To accommodate reporting for debt securities that no longer meet the definition for inclusion as a bond on Schedule D, Part 1 of statutory statements, Schedule BA featured three new categories beginning with the first quarter of 2025: debt securities without a creditor relationship in substance, that are lacking substantive credit enhancement and that are lacking meaningful cash flows. Our analysis of first-quarter acquisition activity found significant movement of investment holdings into the new Schedule BA categories as well as several existing categories, including capital notes and residual tranches.

The sum of the actual cost of new acquisitions and the amount of additional investment into existing holdings in the three new Schedule BA categories was $10.65 billion in the first quarter, but only approximately $975 million in the second quarter. For capital notes and residual interests, new and additional investments during the first quarter totaled $3.32 billion and $3.15 billion, respectively, but slid to approximately $1.44 billion and $1.88 billion in the second quarter.

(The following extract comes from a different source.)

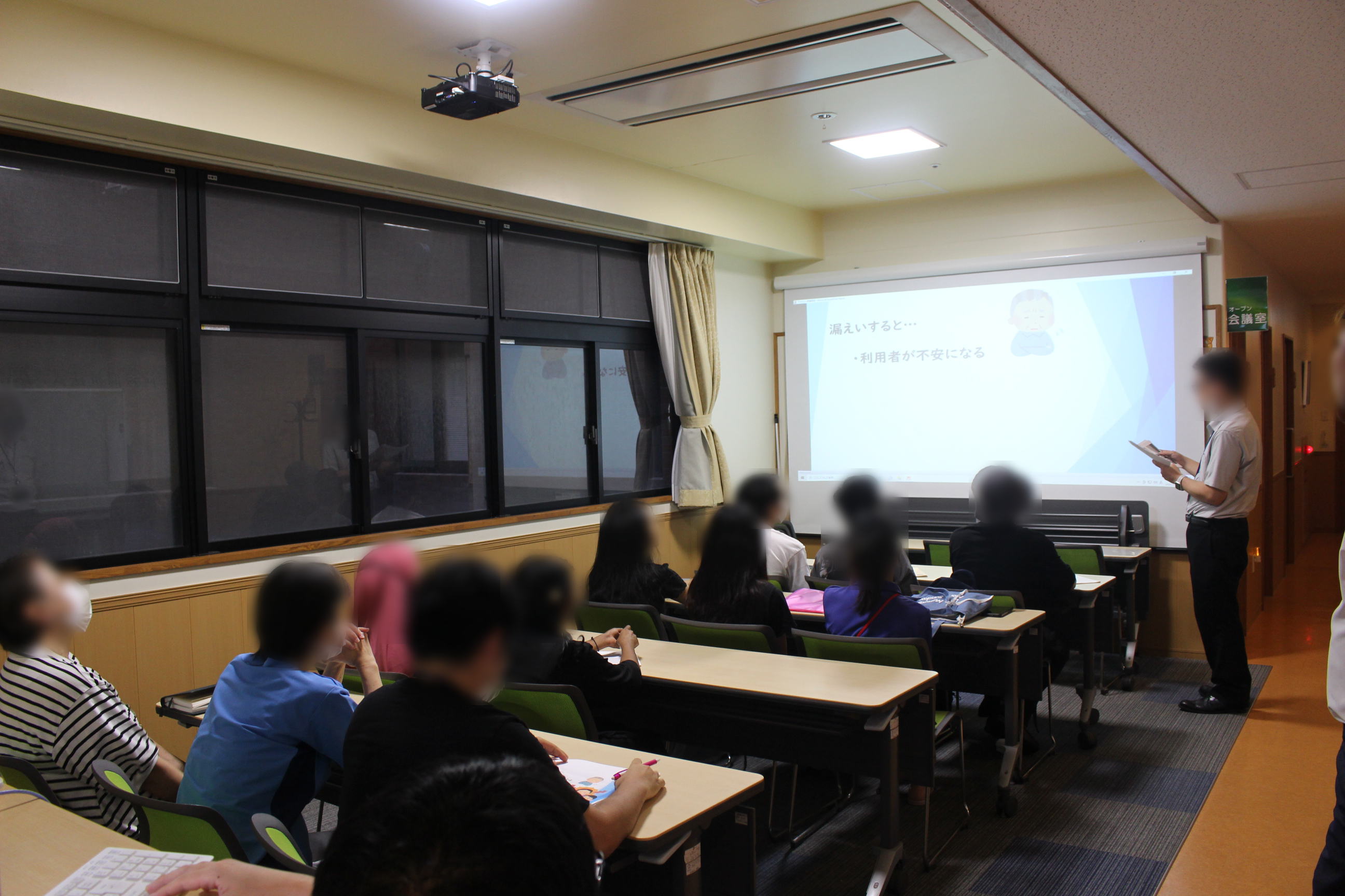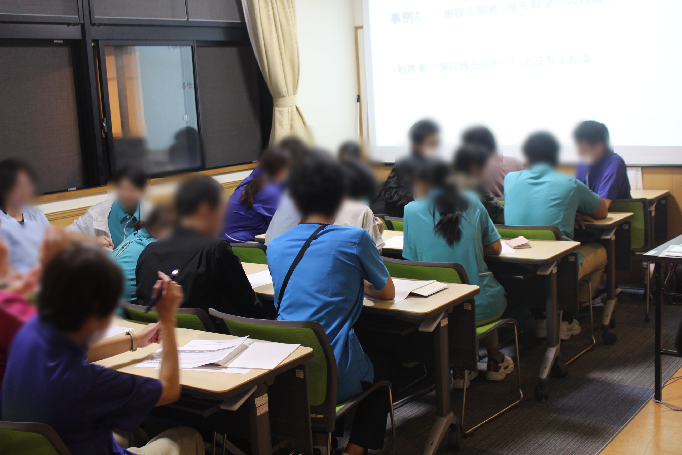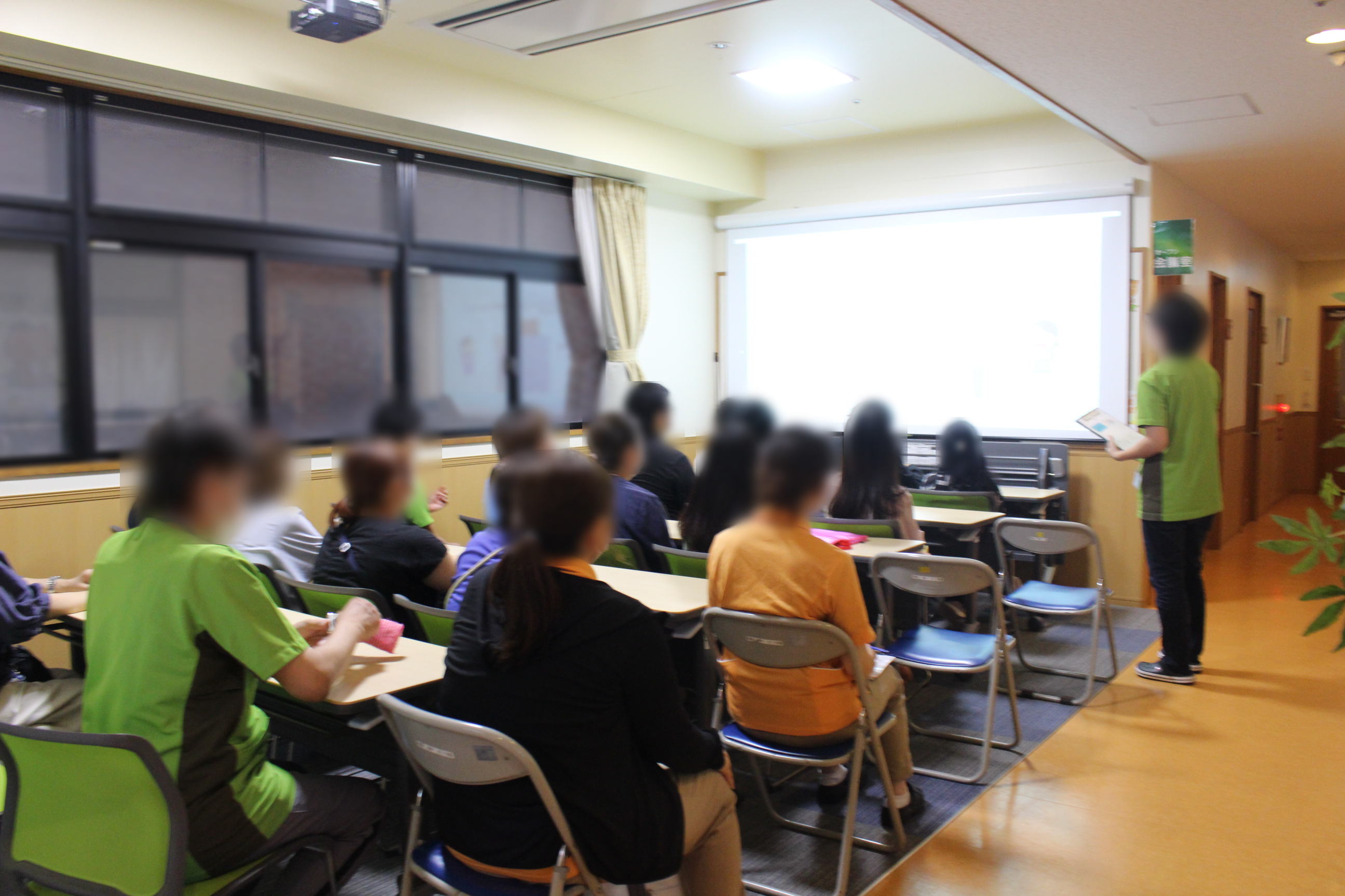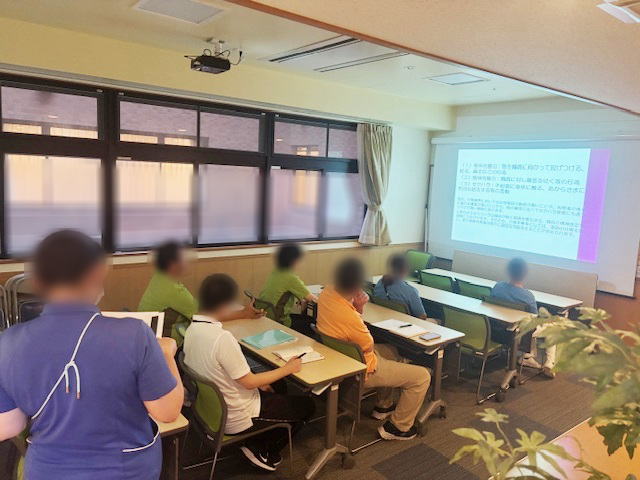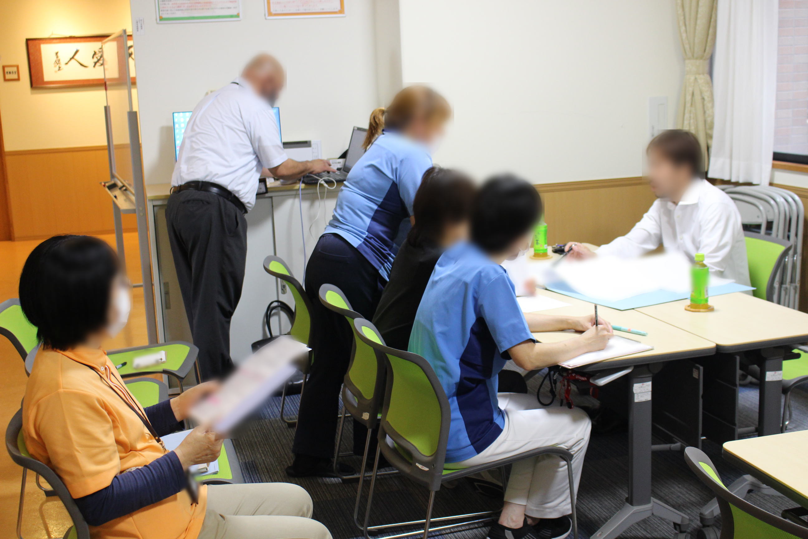 職員同士で確認し合い、和やかな雰囲気の中で学んでいます。

As part of the bond reclassification process, debt securities no longer eligible for inclusion on Schedule D were reported on Schedule D, Part 4 of March 31, 2025, statutory statements as being divested to Schedule BA and, in some cases, Schedule D, Part 2, Section 1 as preferred stock and Schedule B as mortgage loans. Conversely, those schedules showed the transferred investments as acquisitions. In some cases, a change in the basis on which specific investments were valued — generally at amortized cost on Schedule D to, for certain holdings, the lower of amortized cost or fair value on Schedule BA — impacted surplus.

On a combined basis using a sum-of-the-parts analysis, we found that the three new debt securities categories, capital notes and residual interests accounted for 42.5% of the life industry's $40.32 billion in Schedule BA acquisitions and additional investments in the first quarter but only 17.2% of the more than $25 billion in acquisitions in the second quarter. Interests in limited partnerships and limited liability companies reemerged as the dominant source of new and additional investments, accounting for 55.8% of the second quarter's activity, up from 39.6% in the first quarter.

Net life industry additions to Schedule BA positions based on sequential changes in book value and accounting for new and additional investments as well as disposals totaled $18.36 billion for the first quarter and approximately $12.20 billion for the second. Lincoln National Corp.'s $4.66 billion in net additions ranked highest among the 25 largest US life groups in the first quarter, reflecting Lincoln National Life Insurance Co.'s reclassification of more than $4.60 billion in debt securities due to the new bond definitions. For the second quarter, The Northwestern Mutual Life Insurance Co.'s net additions of $2.67 billion ranked highest, in large part reflecting a $1.48 billion investment in an affiliated limited liability company. This position ranked as the largest new or additional investment in a single Schedule BA holding by a US life insurer as reported on June 30, 2025, statutory statements. Lincoln National Life's $1.50 billion in new and additional investment in White Capital V LLC, which the company categorized among debt securities without a creditor relationship in substance, ranked as the sector's largest addition to Schedule BA in the first quarter.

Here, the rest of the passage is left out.